**THE PROBLEM**
Restate the whole listing below word for word and keep the images out.

COLLECTED MATERIAL Block Start

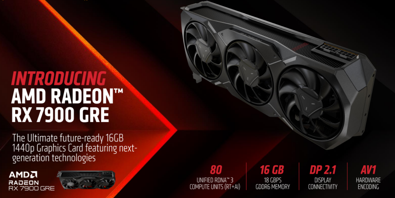 AMD今天正式发布了RDNA3家族的第四款显卡,非常特殊的一个型号,Radeon RX 7900 GRE。该卡在中国市场首发,是一款非常特殊的“中国特供”产品:在中国市场上以单卡的形式零售,在其他地区则以SI整机的形式销售。
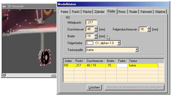 Beachten Sie, daß der Bezugspunkt selbst nicht als Fahrwerksbestandteil gekennzeichnet sein muß. Nach Bearbeitung aller Punkte des Fahrwerksbeines fügen wir noch das Rad ein. Selektieren Sie dazu denjenigen Fahrwerkspunkt, durch den die spätere Radachse verlaufen soll. Öffnen Sie dann mit der rechten Maustaste das Kontextmenü der 3D-Ansicht und wählen Sie Einfügen am selektierten Punkt, Rad.
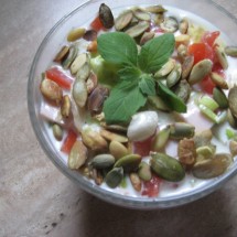 Schab kroimy w kostkę. Pomidory, ogórki i schab mieszamy i większym naczyniu. Dodajemy koperek i syrop miętowy. Mieszamy. Na koniec dodajemy zimną maślankę. Sól i pieprz do smaku.

COLLECTED MATERIAL Block End

**ANSWER**
 AMD今天正式发布了RDNA3家族的第四款显卡,非常特殊的一个型号,Radeon RX 7900 GRE。该卡在中国市场首发,是一款非常特殊的“中国特供”产品:在中国市场上以单卡的形式零售,在其他地区则以SI整机的形式销售。
 Beachten Sie, daß der Bezugspunkt selbst nicht als Fahrwerksbestandteil gekennzeichnet sein muß. Nach Bearbeitung aller Punkte des Fahrwerksbeines fügen wir noch das Rad ein. Selektieren Sie dazu denjenigen Fahrwerkspunkt, durch den die spätere Radachse verlaufen soll. Öffnen Sie dann mit der rechten Maustaste das Kontextmenü der 3D-Ansicht und wählen Sie Einfügen am selektierten Punkt, Rad.
 Schab kroimy w kostkę. Pomidory, ogórki i schab mieszamy i większym naczyniu. Dodajemy koperek i syrop miętowy. Mieszamy. Na koniec dodajemy zimną maślankę. Sól i pieprz do smaku.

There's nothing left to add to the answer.